= William Hauser =

William Clarke Hauser was an American minister, medical doctor, teacher, composer, and music publisher.

==Biography==
He was born December 23, 1812, in Bethania, Forsyth County, North Carolina. He was the son of Martin Hauser and Leah Billiter.

William Hauser united with the Methodist Church in 1827 and was licensed to preach in 1834 and was a circuit riding preacher for two years. On March 23, 1837, he married Eliza M. Renshaw (1813–1880), and they had three children: Carolina Elizabeth Hauser Parker (1838–1926), William Clarke Hauser (1844–1919), and Victor McLandhton Hauser (1847–1919). William Hauser raised his family in New Orleans, LA and Victor Hauser did the same in Ogden, Utah. William Hauser attended Henry College in Virginia, beginning in 1839. After moving to Georgia in 1841, he began the study of medicine. He later taught at Oglethorpe Medical College in Savannah, GA.
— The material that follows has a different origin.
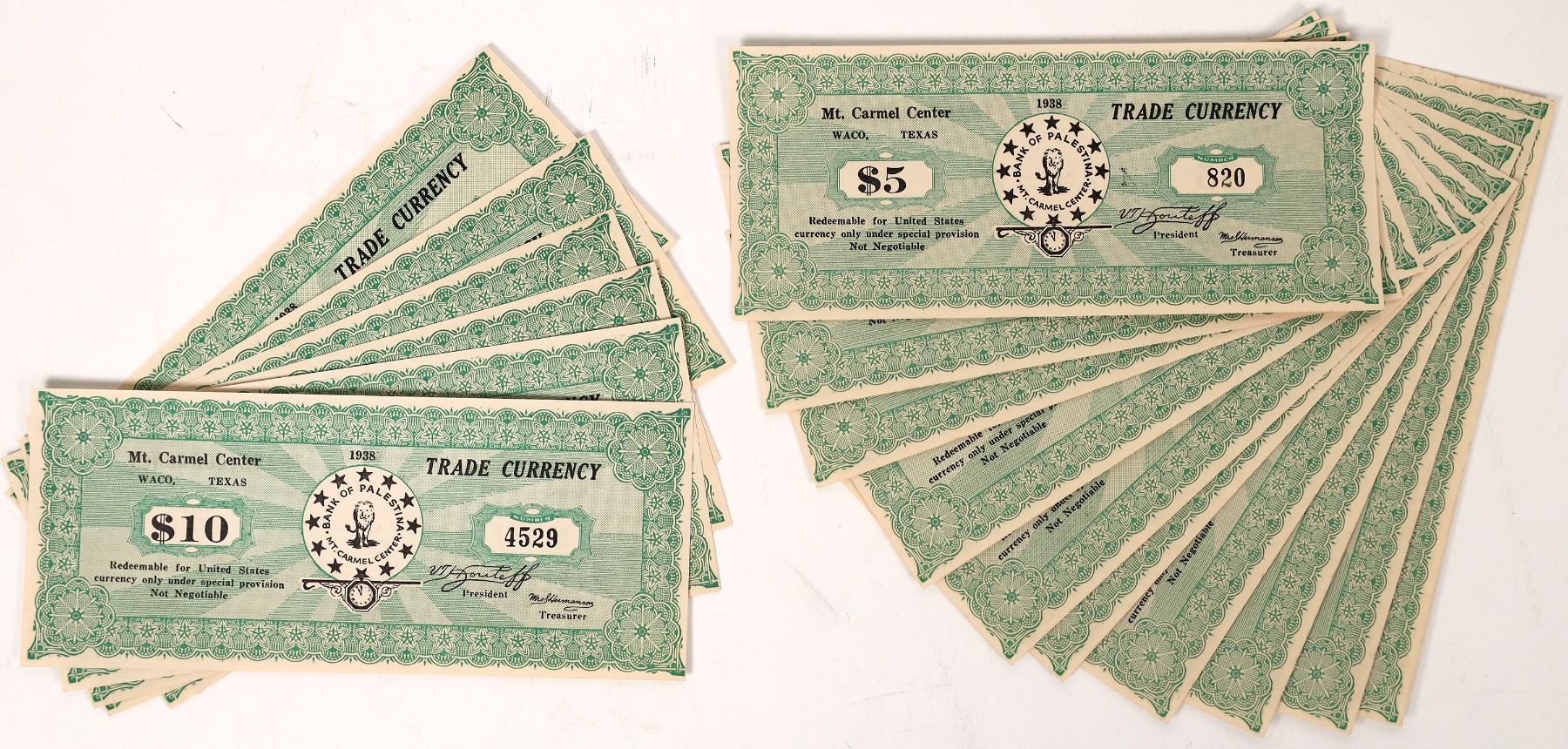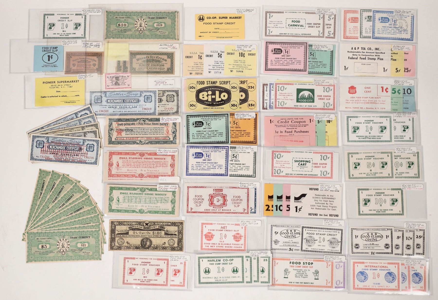 Large variety of commercial scrip from the 1930s-1970s. C. L. Carr, Batavia, New York, 1934; Poll Parrot Shoe Money; Sattler-Scrip, Buffalo, New York; Wheat's Ice Cream, Buffalo; Mt. Carmel Center, Waco, Texas; Food Stamp Credits from markets all over New York City. Over 100 pieces of scrip.

Hauser died on September 18, 1880. His last words were ″I feel that my work on earth is done, and there is not a cloud between me and God.″ William and Eliza Hauser are buried on their plantation, Hesperia, near Wadley in Jefferson County, Georgia. According to a family member, "Hesperia Plantation was located on the southwestern corner of E. A. Goodson Road and Cooper Road. Cooper Road changes its name to West Smith Street and ends on the east end at the Cheatham/Hauser (Wadley City) Cemetery in Wadley, Georgia." The house is evidently no longer standing.

==Music==
Hauser made two significant contributions in the area of shape note music: (1) The Hesperian Harp: a Collection of Psalm and Hymn Tunes, Odes and Anthems, published in four shapes at Philadelphia by T. K. Collins Jr. in 1848; and (2) Olive Leaf: A Collection of Beautiful Tunes, New and Old; the Whole of One or More Hymns Accompanying Each Tune, for the Glory of God, and the Good of Mankind, published in seven shapes at Wadley, Georgia, by Hauser and Benjamin Turner in 1878. The Hesperian Harp was probably the largest shape note tune book of its day, containing 552 pages of music, including 36 songs composed by Hauser. His Olive Leaf was produced in the seven shape notes of Jesse B. Aikin and contained only eight of his compositions from the older book. But his new compositions numbered forty-eight. Thirteen of his compositions are included in the Shenandoah Harmony (2013) in four shapes. The Moravian Music Foundation calls William Hauser "Appalachia's most significant contribution to American music."